Suppose I write a class, but don't define a __hash__
for it. Then __hash__(self)
defaults to id(self)
(self
's memory address), according to the documentation.
However I don't see in the documentation, how this value is being used.
So if my __hash__
was simply return 1
, which would cause the hash of all instances of my class to be the same, they all get bucketed into the same underlying hash bucket (which I assume is implemented in C).

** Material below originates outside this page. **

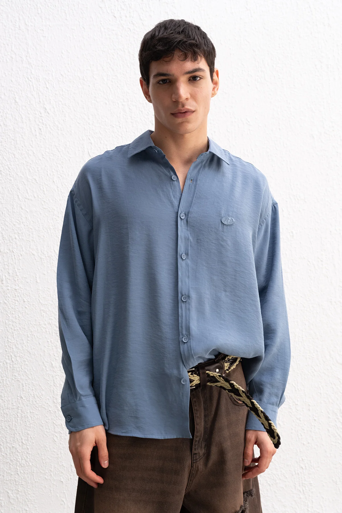OVERSIZE FRESH KETEN LACİVERT GÖMLEK

However, this does not mean that the return value of __hash__
is being used as the key to bin elements in this underlying hash table.
So really, my question is: what happens to the value returned by __hash__
? is it used as the key directly, or is its hash (or the result of some other computation performed on it) used as the key to the hash table?
In case it matters, I'm on python2.7
EDIT: To clarify, I'm not asking about how hash collisions are handled. In python, this seems to be done with linear chaining. Instead, I'm asking how the return value of __hash__
translates into the memory address (?) of the corresponding bucket.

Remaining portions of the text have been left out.